**Task description:**
Retype, word for word, every line starting at the line with "تذهیب و متن" and ending with the final line of the entries; skip the pictures.

[Source records]
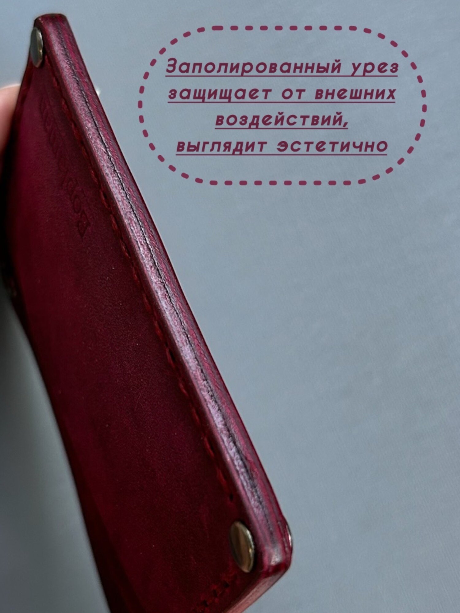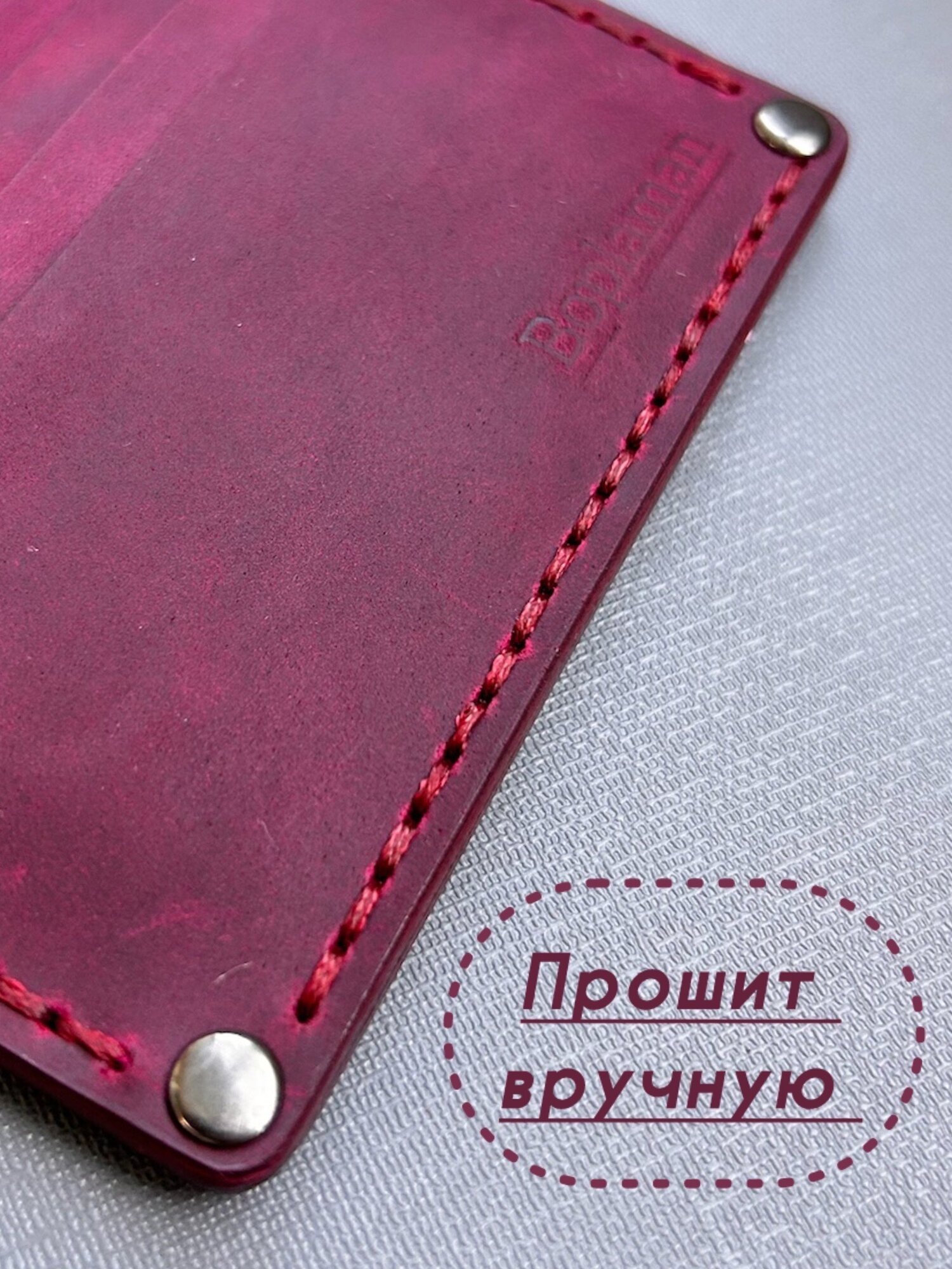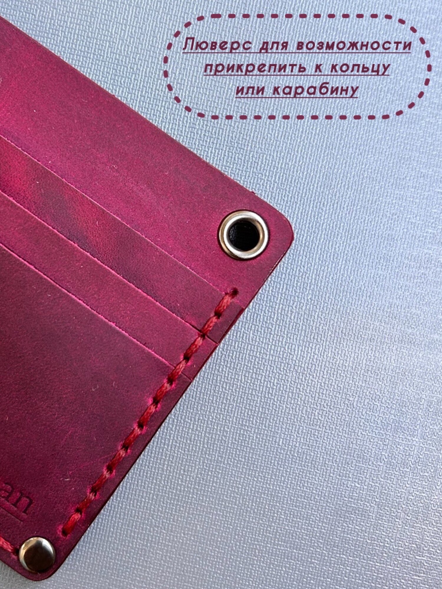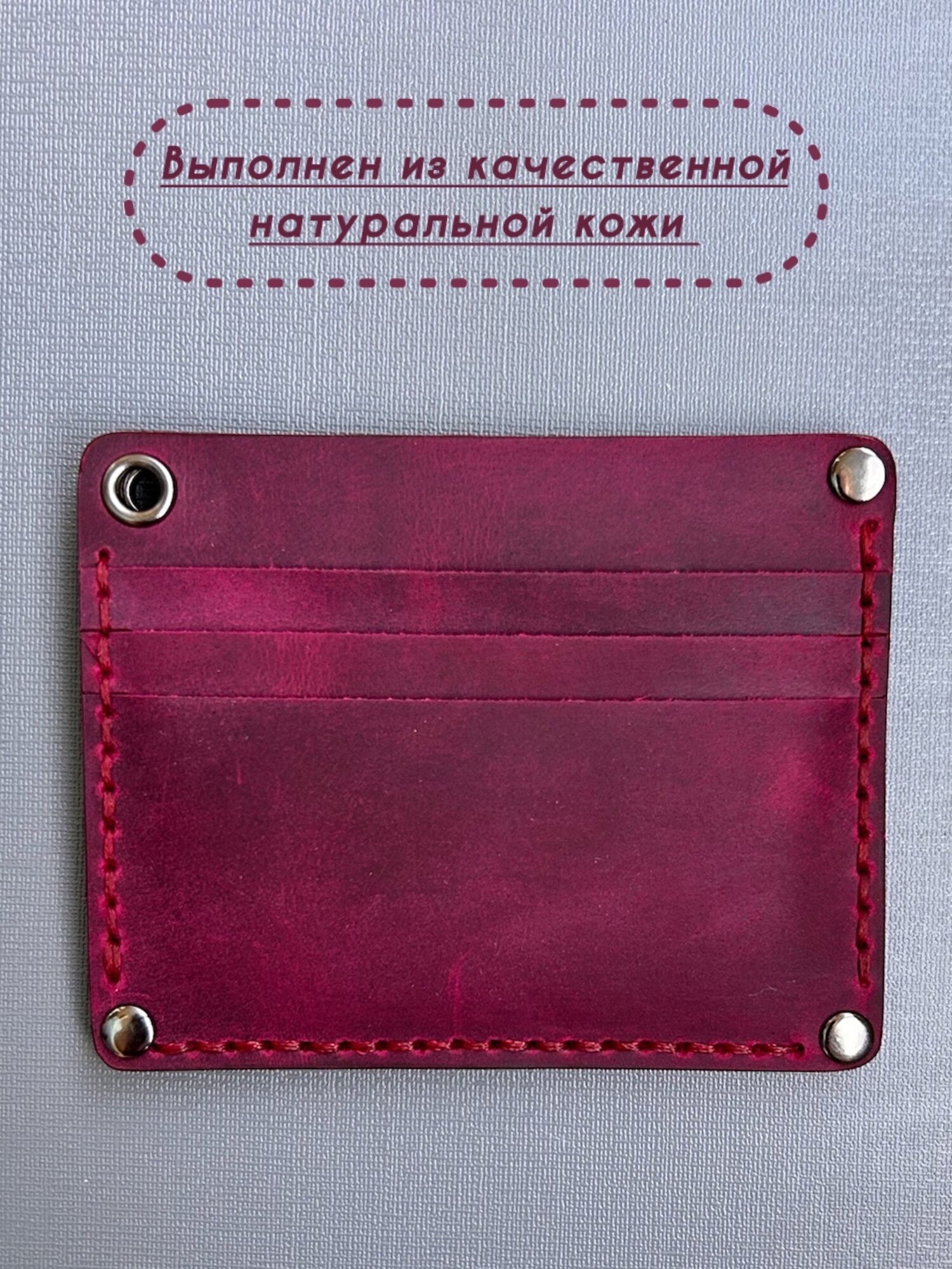 Картхолдер, держатель ручной работы из натуральной кожи для банковских карт бордовый
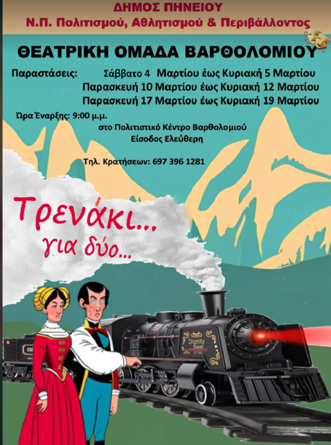 Η θεατρική ομάδα Βαρθολομιού παρουσιάζει την κωμωδία Τρενάκι για ..2, βασισμένο σε μονόπρακτα του Τσέχωφ και σκηνοθετική ματιά του Λάζαρου Κυπριώτη.
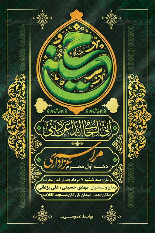 تذهیب و متن تسلیت ایام محرم می باشد که توسط طراحان ایران طرح در نرم افزار فتوشاپ طراحی شده است.
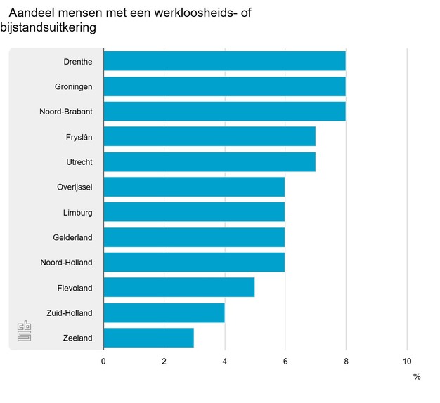 In Drenthe, Groningen en Noord-Brabant ontving 8 procent van de mensen op een vakantiepark een bijstandsuitkering en/of een werkloosheidsuitkering. In Zeeland was dit met 3 procent het laagst.
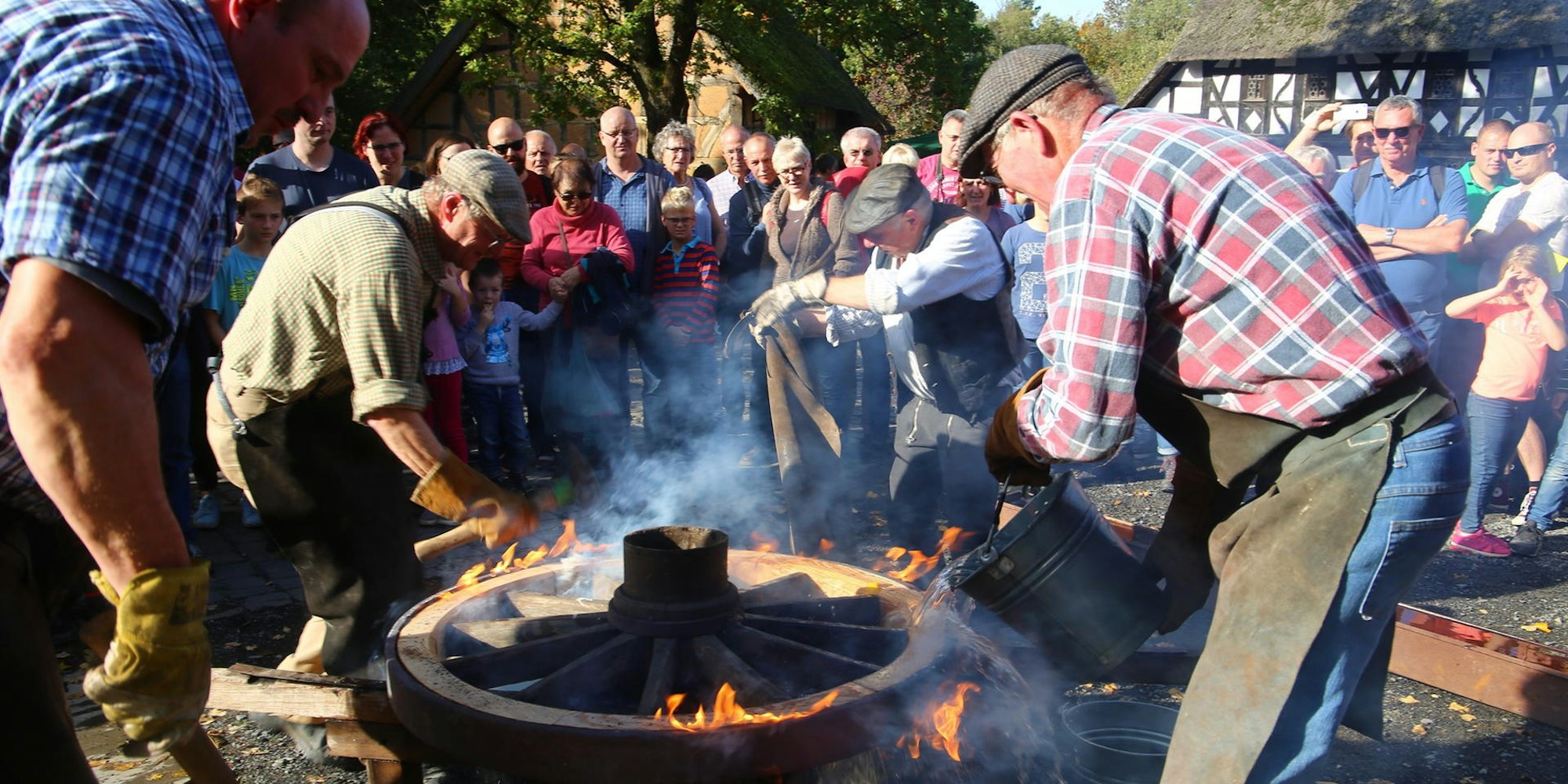 „Heiße Reifen“ heißt dieser Vorgang im Programmangebot des Museums. Der Metallreifen wird bis zum Glühen erhitzt und dann auf das hölzerne Speichenrad geschoben. Die Hitze des glühenden Metalls setzt das Eichenholz des Rades in Brand. Mit vielen Eimern Wasser muss das Feuer gelöscht und das Eisen abgekühlt werden.
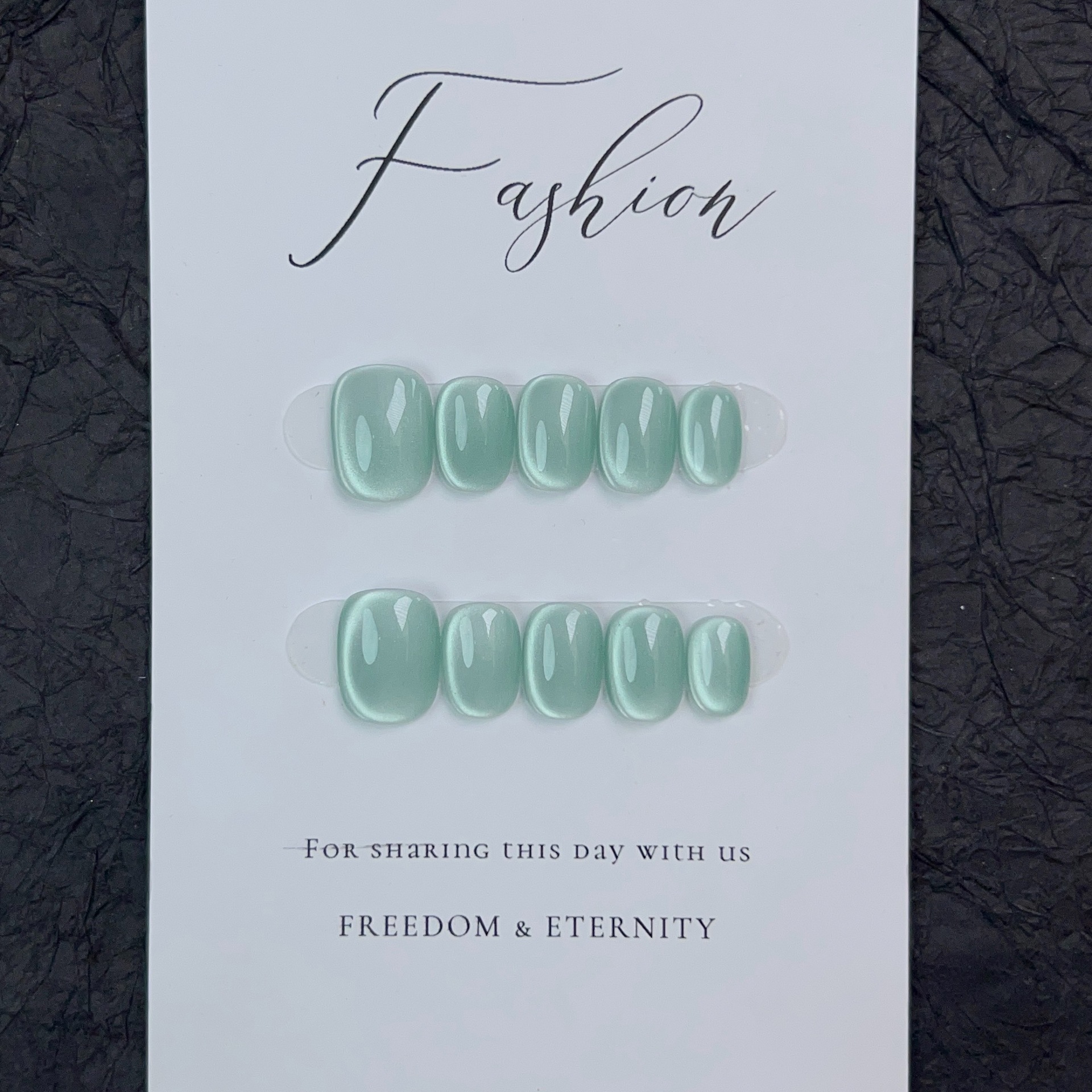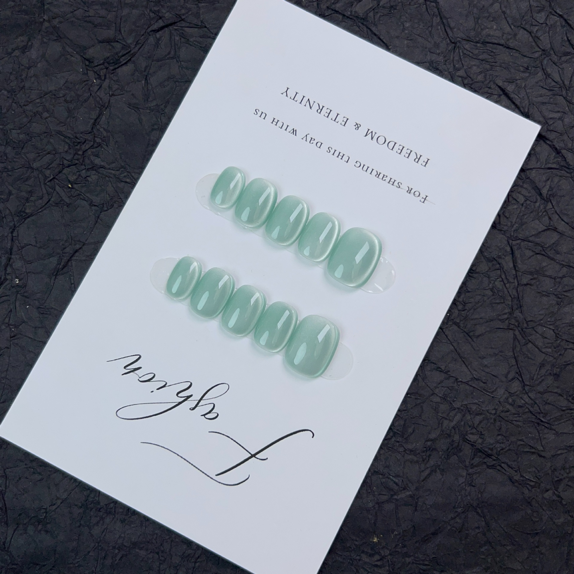 薄荷曼波纯手工穿戴甲短款绿色纯色猫眼美甲贴气质显白可拆卸甲片

**Output:**
 تذهیب و متن تسلیت ایام محرم می باشد که توسط طراحان ایران طرح در نرم افزار فتوشاپ طراحی شده است.
 In Drenthe, Groningen en Noord-Brabant ontving 8 procent van de mensen op een vakantiepark een bijstandsuitkering en/of een werkloosheidsuitkering. In Zeeland was dit met 3 procent het laagst.
 „Heiße Reifen“ heißt dieser Vorgang im Programmangebot des Museums. Der Metallreifen wird bis zum Glühen erhitzt und dann auf das hölzerne Speichenrad geschoben. Die Hitze des glühenden Metalls setzt das Eichenholz des Rades in Brand. Mit vielen Eimern Wasser muss das Feuer gelöscht und das Eisen abgekühlt werden.
 薄荷曼波纯手工穿戴甲短款绿色纯色猫眼美甲贴气质显白可拆卸甲片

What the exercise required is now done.